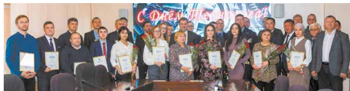
Лучшие технологи «КАМАЗа». Это признание подвигнет их на новые трудовые победы

— Я пришёл на кузнечный завод в конструкторский отдел инструмента и оснастки в 2006 году, после окончания ИНЭКА по специальности «Обработка металлов давлением». Работаю по специальности 16 лет, четыре из них — в должности начальника бюро. Основная моя задача — разработка чертежей поковок, переходов штамповки, проектирование штамповой оснастки для горячей объёмной штамповки (ГОШ), деталей автоматики, приспособлений, разработка математических моделей, моделирование процессов ГОШ, авторский надзор при изготовлении, наладке и испытаниях новых конструкций штамповой оснастки. Моя профессия нравится тем, что она творческая, решения часто приходится искать в производстве, а какие-то рождаются в обсуждении с более опытными коллегами. Эта победа — результат сплочённой работы технологической службы и производства, и она вдохновляет на новые достижения.
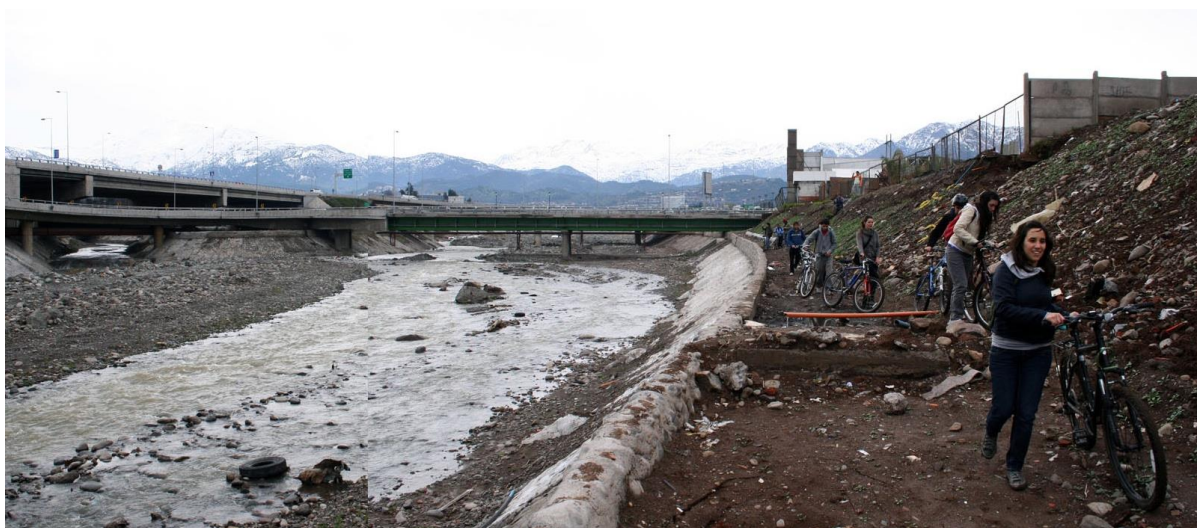
Fig.3 Itinerario a través de las riberas del Río Mapocho, Agosto 2009

En contraste con la continuidad conseguida por una vialidad expresa en la ribera norte, la primera premisa consistió en poner a prueba el potencial de un recorrido continuo a lo largo de la ribera sur, que permitiera integrar el paisaje de río al interior de la ciudad. Para ello se realizó un itinerario en bicicleta, que al poco tiempo del trayecto significó tener que sortear un sinnúmero de dificultades y situaciones que interrumpían sus bordes o lo hacían francamente inaccesible: cruces de autopistas, asentamientos informales, sitios eriazos, ensanches de vialidad, ocupación con programas restrictivos, y un conjunto de barreras existentes aún en los sectores consolidados 12 (Fig. 3).
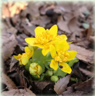
エゾノリュウキンカ
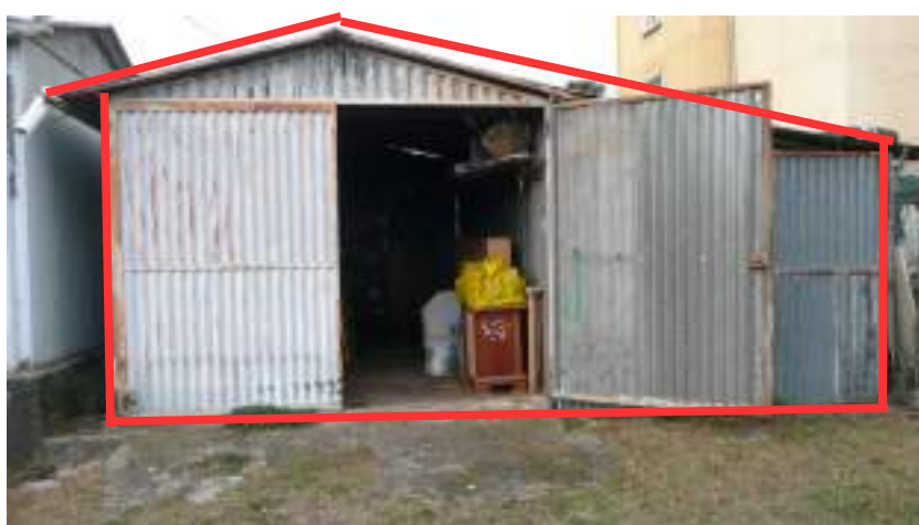
BARACCA LATERALE SU AREA DI PROPRIETA'
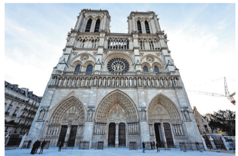
法国著名地标性建筑巴黎圣母院,在2019年大火中受损严重。经过五年的修复,它以全新的面貌重新矗立在塞纳河畔。当地时间12月7日,巴黎圣母院举行重新开放仪式,并将于12月8日正式对公众重新开放。(央视)

张弘认为,总的来说,拉夫罗夫的这次访谈在一定程度上明确了俄罗斯的立场,增强了俄罗斯与西方进行博弈的信心。他希望通过这种方式,影响到特朗普未来的乌克兰和平计划,为俄乌冲突的和平解决创造有利条件。
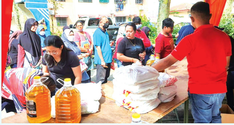
இந்த வாய்ப்பினை பயன்படுத்தி விரைந்து வந்து அவற்றை வாங்கிக் கொள்ளும்படி கேட்டுக் கொள்கிறோம்.
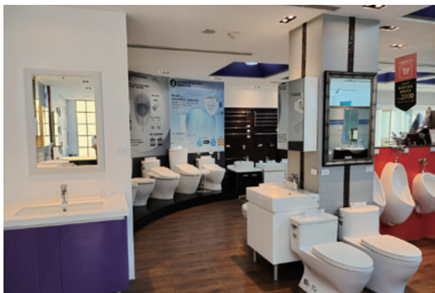
圖 5、馬桶經銷商商品展示
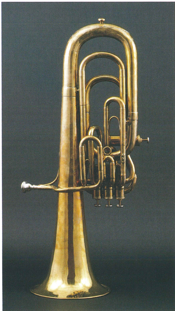
アドルフ・サククス (Adolphe Sax) 製 サクソルンバス 1866年製 パリ
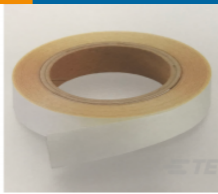
TE 产品编号 890060-000 S1017-1.0X50
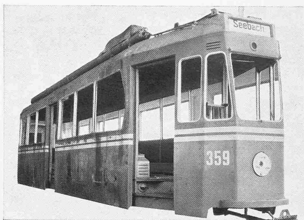
Abb. 6. Seitenwand rechts mit Eindrücken unten und oben vorn
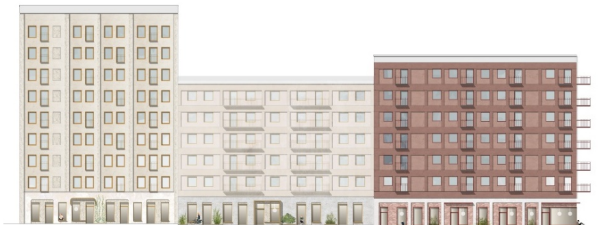
Fasad mot huvudgatan. Illustration: Semrén Månsson Arkitekter

Kvarterets byggnader varierar mellan fem och nio våningar där arkitekturen tar hänsyn till anslutande bebyggelse och håller samman sin utformning mot de olika gatornas karaktär. Skalan föreslås vara högst mot entrén till huvudgatan och lägst mot skolan i sydväst, vilket också ger bättre ljusförhållanden på bostadsgården.
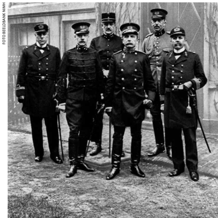
Het Bureau Generale Staf tijdens de mobilisatieperiode 1914-1918. Derde van rechts generaal Cornelis Snijders, de opperbevelhebber van de Land- en Zeemacht
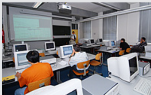
Unterricht an der HAWK.

Der Mangel an qualifizierten Fachkräften insbesondere Ingenieuren ist kein neues, sicherlich aber ein sehr aktuelles Thema, besonders für kleine und mittelständische Unternehmen. Im Februar und März des kommenden Jahres werden die nächsten Absolventen die Hochschulen verlassen und andere ihre Abschlussarbeiten beginnen. Die schwarzen Bretter in den Hochschulen sind voll von ausgeschriebenen Diplomarbeiten und Stellenangeboten.
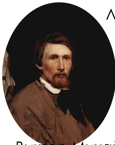
Виктор Михайлович Васнецов
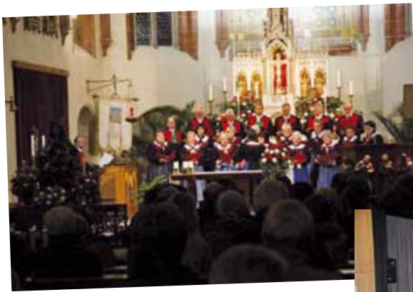
Kirchenkonzert des Kirchenchores Marling anlässlich des 100 Jahr – Jubiläums der Behmann Orgel
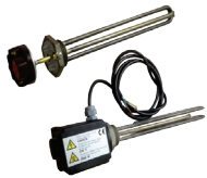
Apoio elétrico monofásica 3 kW 1" 1/2
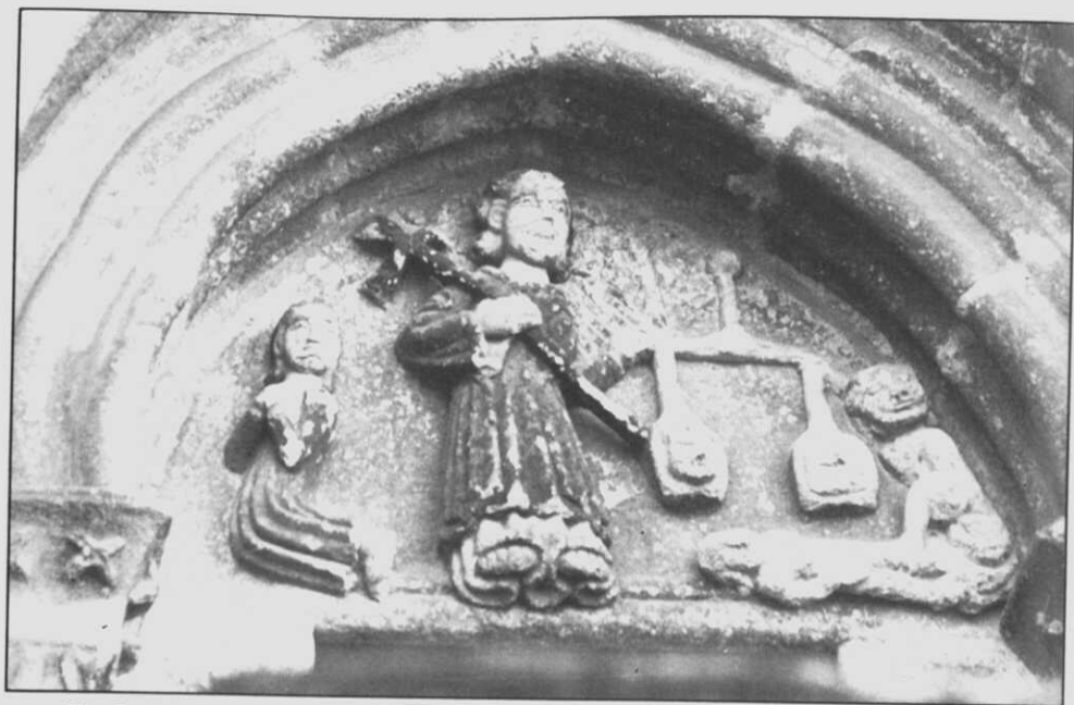
Fig. 5.- Psicostasia. Tímpano de la puerta Norte de Santa María del Azogue.

El sello de Salomón (o también estrella de David), no es, como se piensa vulgarmente, un símbolo exclusivamente judío (5). Su uso era corriente en todo el Mediterráneo, y mucho más allá, desde tiempos remotos. Sabido es que en la época que nos interesa, la astrología, la Cábala, la cartomancia, la alquimia y, en general, las doctrinas esotéricas eran lo que son hoy las ciencias modernas: base del conocimiento humano. (Baste recordar, entre muchos otros nombres, los de Alfonso X El Sabio, Ramon Llull, Moisés de León...).

* _What you will do_: Line count for the word "rechts": tally the lines in the records that include it and give only the result.

* _Response to the task_: 2